SEYHAN NEHRİNDEKİ DENİZ KIZLARINDAN KAHKAHALAR
Yemin-billah ederek iddia ediyor, arada elindeki kadehi sallayarak “Şu nimete kör bakyım” ya da “Kör olyum…” diyerek gördüğü deniz kızlarını anlatıyordu. Önce inanmamış nehirdekinin deniz kızı olduğuna; ama defalarca şuh kahkahalar atılınca dört-göz kesilip incelemiş, geç akşam karanlığında. Sarhoş ta değilmiş. Yarım şişeyi geçmemişmiş.
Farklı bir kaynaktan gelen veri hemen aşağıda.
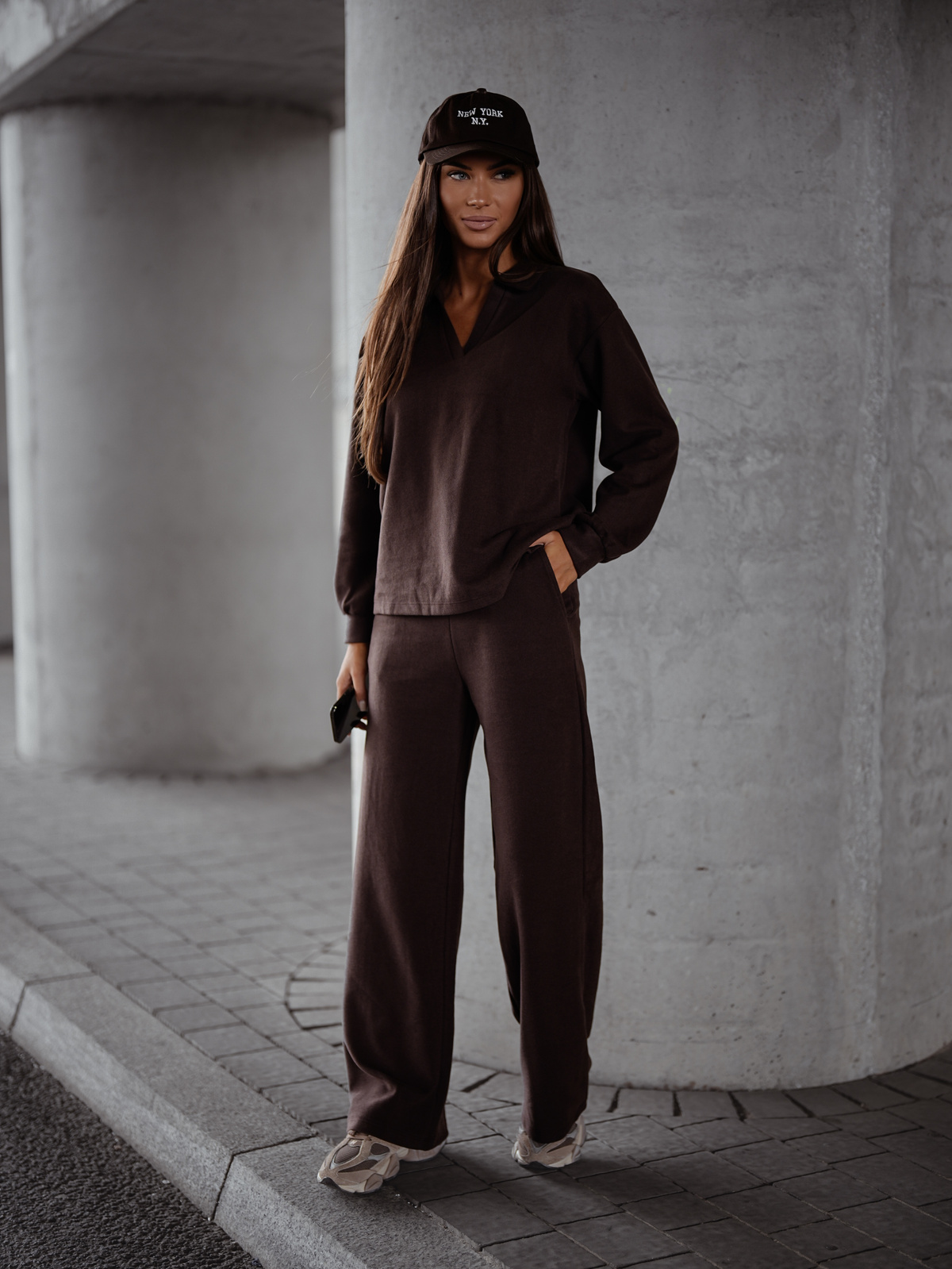 KOMPLET DZIANINOWY SWETERKOWA BLUZA+ SPODNIE- CZEKOLADOWY
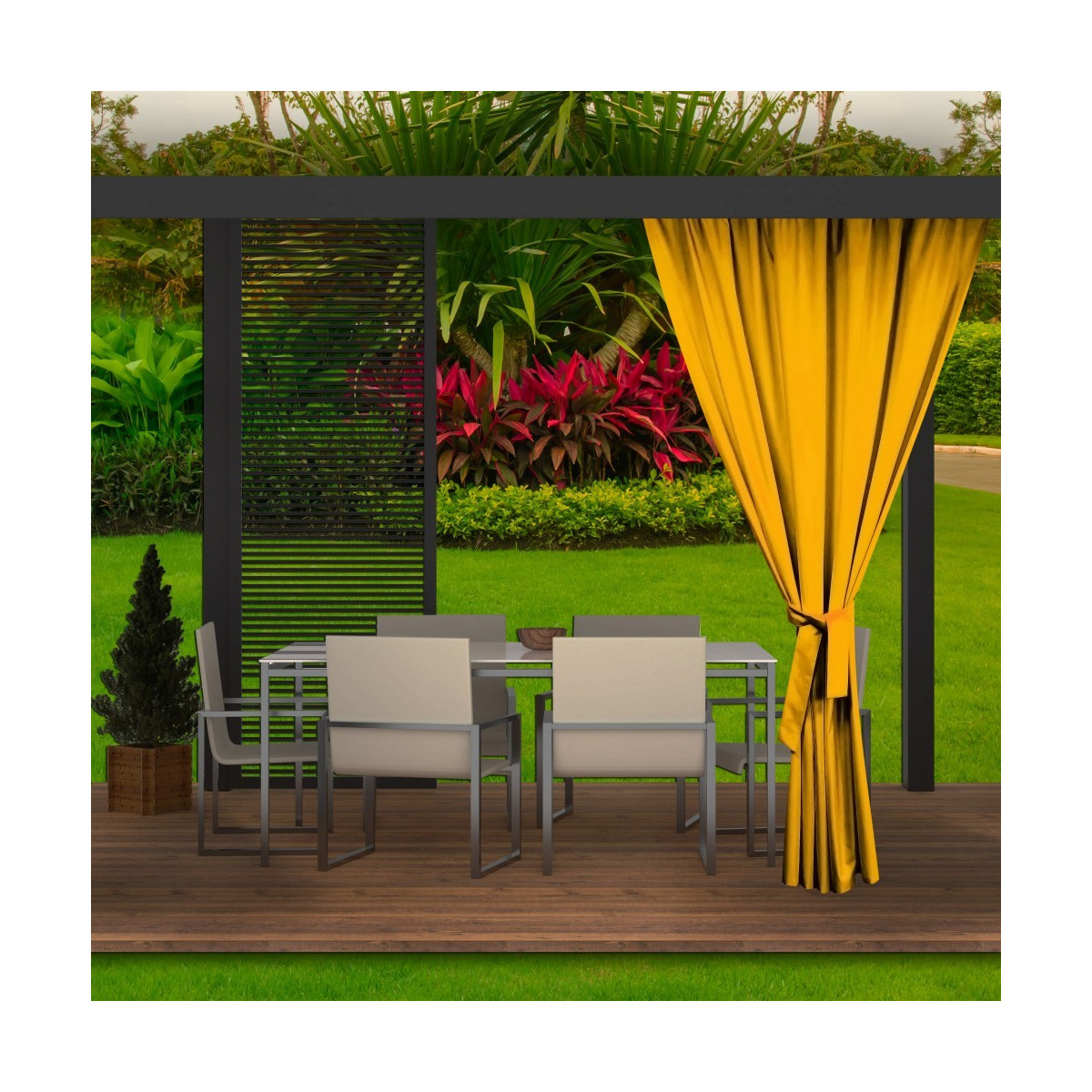 Moderní závěsy do altánků v žluté barvě

60 yıldan fazla olmuştur… Dayım, Havutlubucağı köyüne, kirve yemeğine davetliymiş. Giderken beni de aldı. Hoş-beşle geçen bahçe gezisi nehir kenarında kurulmuş masalarda son buldu. Üst üste konulmuş iki sıra tuğladan üretilmiş iğreti fakat işlevsel ocağa şişler atıldı. Bakındım, tikeden başka yiyecek yok. O zamanlar kuşbaşı sözcüğü Adana’ya henüz uğramamıştı. “Tike” sözcüğü tüm gücüyle varlığını sürdürüyordu. Kıyma olmadıkça et yiyemediğim için hafif tertip burukluk içimi kaplamışken çözüm kendiliğinden geldi. Güler yüzlü genç kızın getirdiği yoğurt derdimin dermanıydı.
DENİZ KIZLARINI GÖRMÜŞMÜŞ
Bana ayran, büyüklere boğma ikmali dur-durak bilmeden sürerken, tam karşımda oturan üç beş dakikada bir başını “Evet, evet” dercesine sallayıp duruyordu. Saçı, kaşları, bıyğı siyahtan daha kara, sık ve parlaktı. O vakitler “Karadon” dediğimiz şalvarı da kıllarının rengine uygundu. Mongol dedikleri sarı ipek miltanı (Mintanı öğrenmemiştik) vardı. Sağ elinin yüzük parmağındaki altın elli gram filan gelirdi. Kaçıncı boğma sürahisi boşaldı bilmiyorum ama diller peltekleşmeye, göz kapakları kızarıp şişmeye başlamıştı. Laflar laflara karışırken saçı-kaşı-bıyığı çok siyah adama kim sor duysa, o ana kadar ağzını sadece lokma ve yudum için açıp tek kelime etmemişken, başladı yukarıdaki sözcükleri gürül gürül dökmeye…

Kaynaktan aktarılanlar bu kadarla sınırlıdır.